WHAT IS NEEDED:
Repeat the records verbatim and leave the pictures out of your copy.

DATA SUPPLIED:
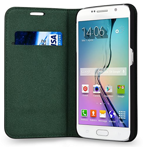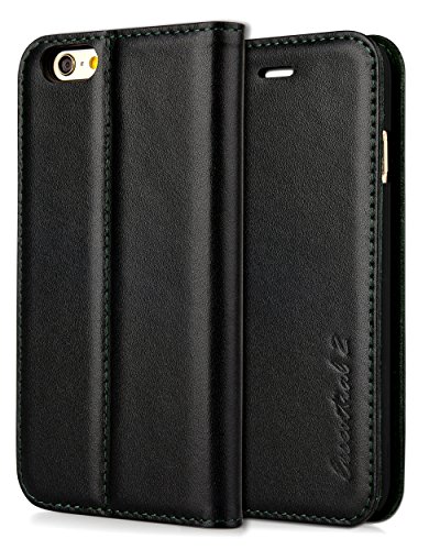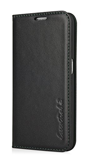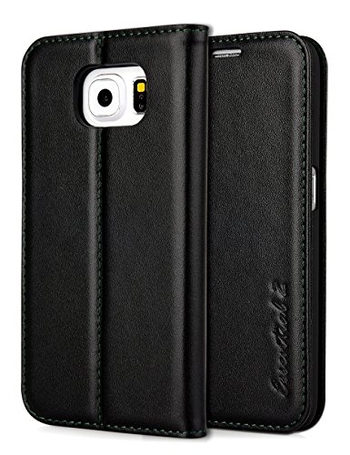 iXCC Essential 2 Series Samsung Galaxy S6 Genuine Leather Wallet Case With Stand Feature - Black
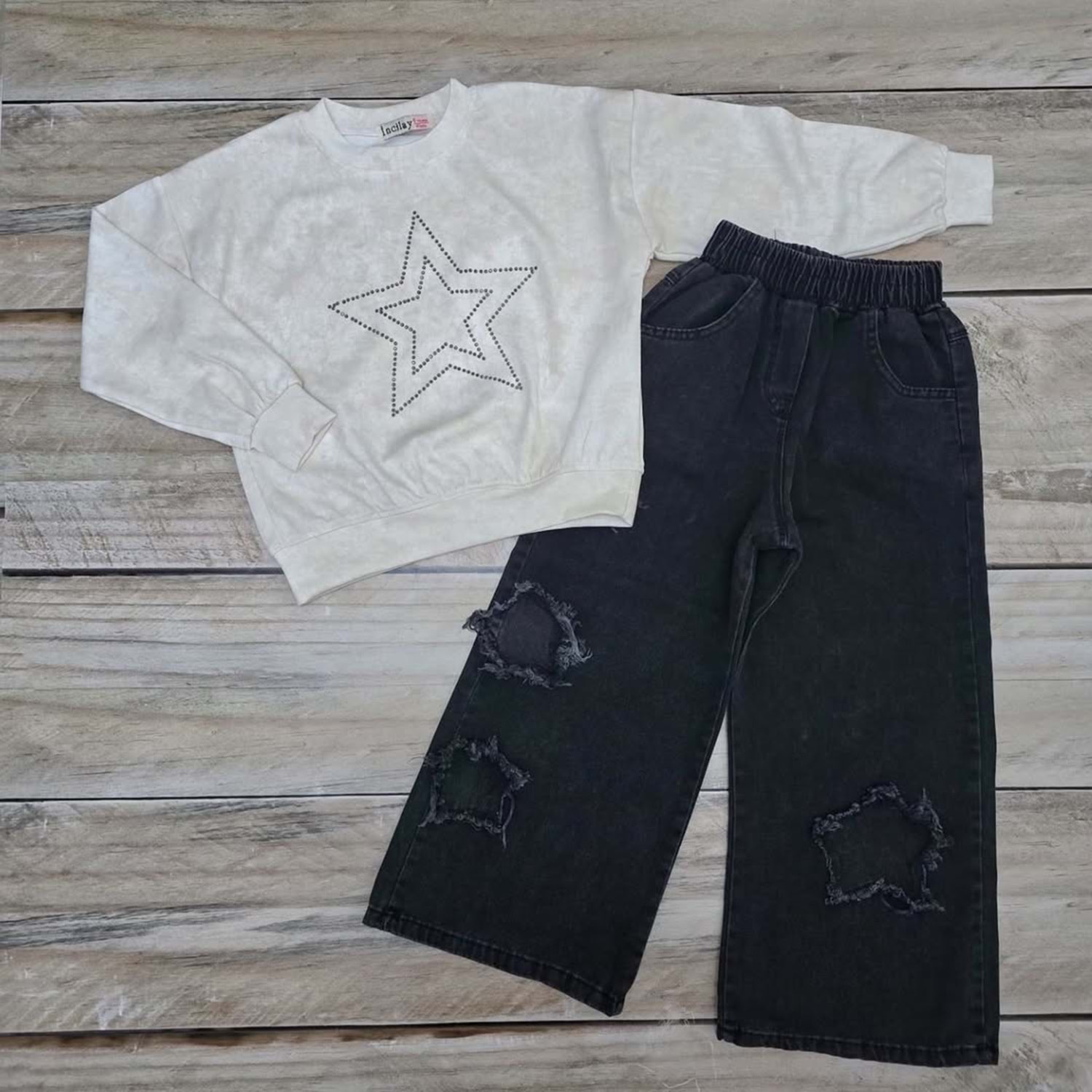 (6-10) Yaş İNCİLAY YILDIZ DESENLİ KOT TAKIM
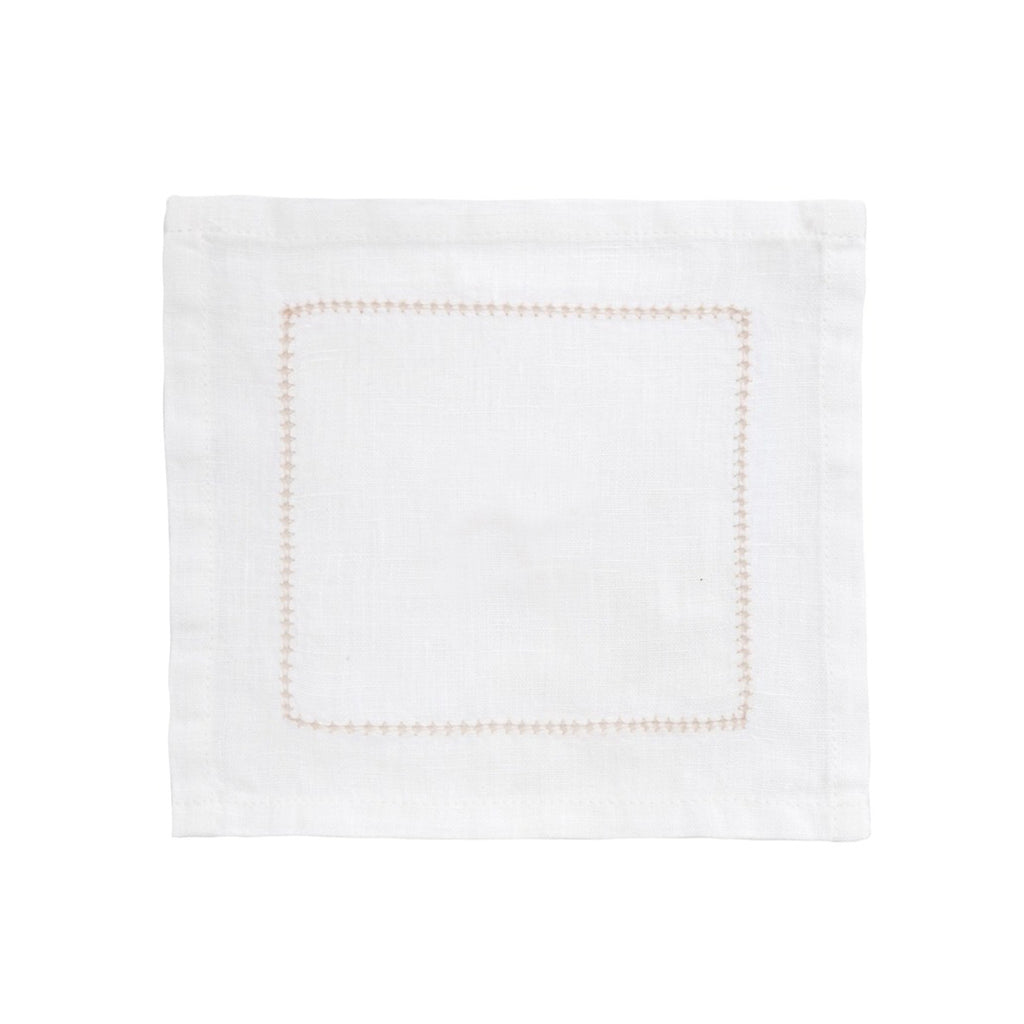 Set of four cocktail napkins, made in Portugal from 100% linen and featuring a delicate hemstitched border.
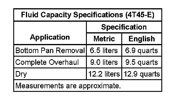 Fluid Capacity Specifications:
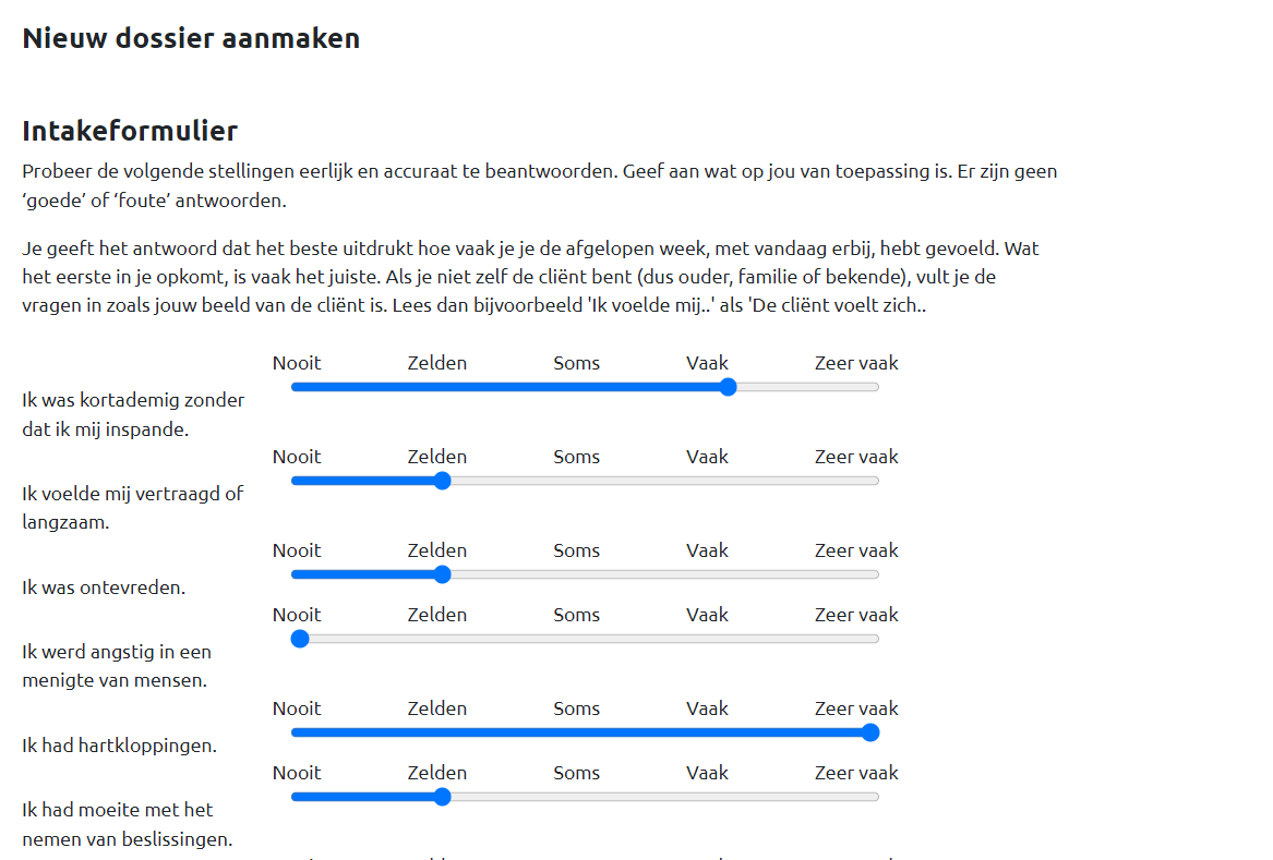 De rest van de vragenlijst wordt ingevuld door de cliënt. Als de vragenlijst is ingevuld, vind je de ingevulde vragenlijst als pdf terug op de pagina Mijn dossiers. Het kost een cliënt gemiddeld 8 minuten om de vragenlijst in te vullen.
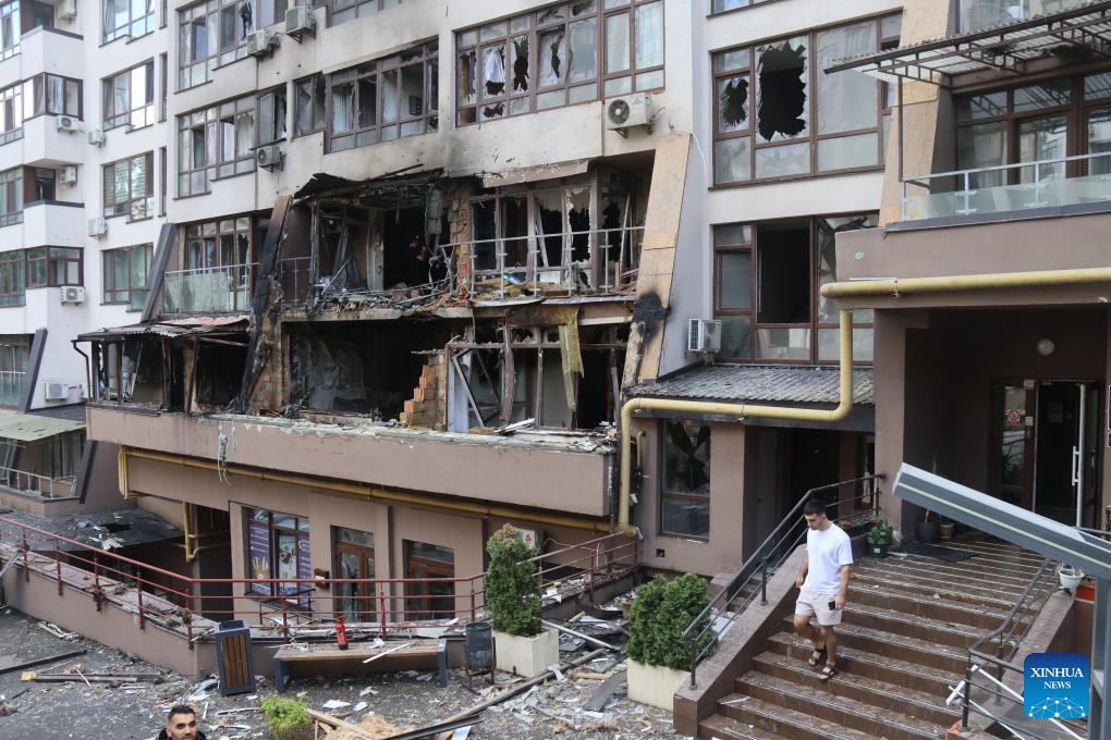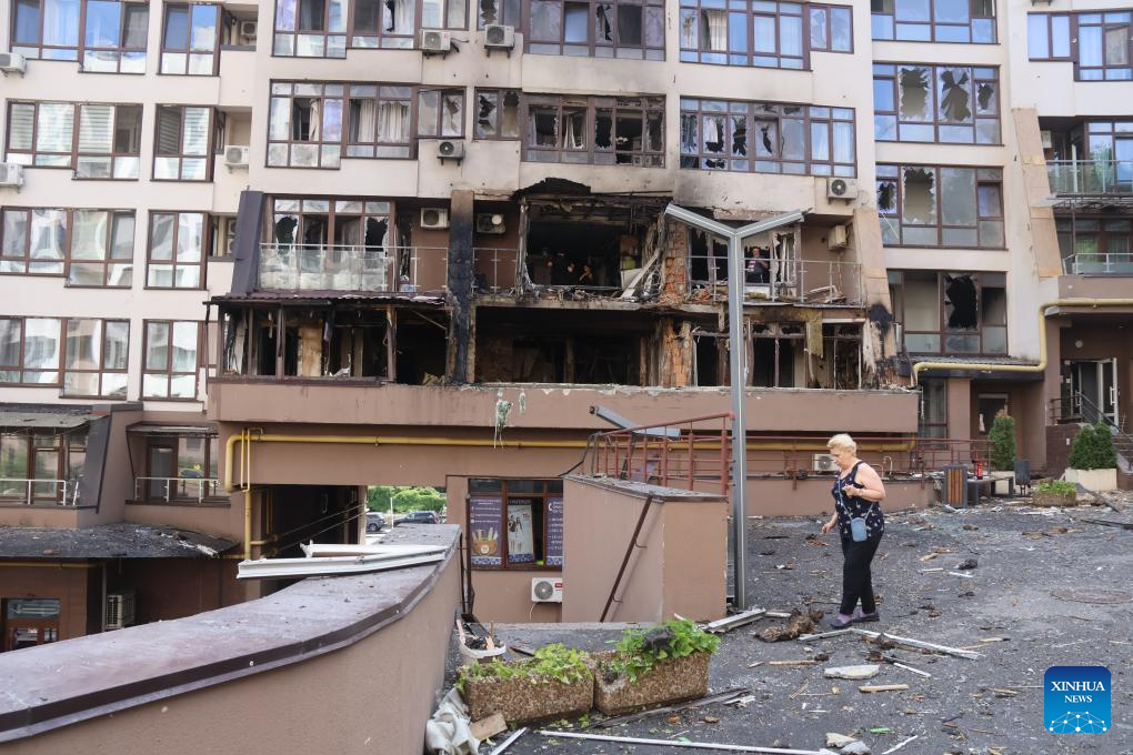 A damaged residential building is pictured after an air strike in the Shevchenkivskyi district of Kiev, Ukraine, July 21, 2025. Two people were killed and 15 others injured in a wave of Russian missile and drone strikes on Ukraine's capital and the western region of Ivano-Frankivsk early Monday, said Ukrainian authorities.
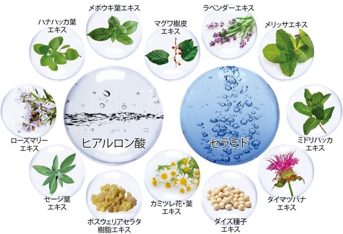 人体にも含まれる成分と各種植物成分でできているため、安心してお使いいただけます。また、お客様の肌への負担を考え、アルコールやシリコン、パラベンは不使用です。

EXERCISE RESULT:
 iXCC Essential 2 Series Samsung Galaxy S6 Genuine Leather Wallet Case With Stand Feature - Black
 (6-10) Yaş İNCİLAY YILDIZ DESENLİ KOT TAKIM
 Set of four cocktail napkins, made in Portugal from 100% linen and featuring a delicate hemstitched border.
 Fluid Capacity Specifications:
 De rest van de vragenlijst wordt ingevuld door de cliënt. Als de vragenlijst is ingevuld, vind je de ingevulde vragenlijst als pdf terug op de pagina Mijn dossiers. Het kost een cliënt gemiddeld 8 minuten om de vragenlijst in te vullen.
 A damaged residential building is pictured after an air strike in the Shevchenkivskyi district of Kiev, Ukraine, July 21, 2025. Two people were killed and 15 others injured in a wave of Russian missile and drone strikes on Ukraine's capital and the western region of Ivano-Frankivsk early Monday, said Ukrainian authorities.
 人体にも含まれる成分と各種植物成分でできているため、安心してお使いいただけます。また、お客様の肌への負担を考え、アルコールやシリコン、パラベンは不使用です。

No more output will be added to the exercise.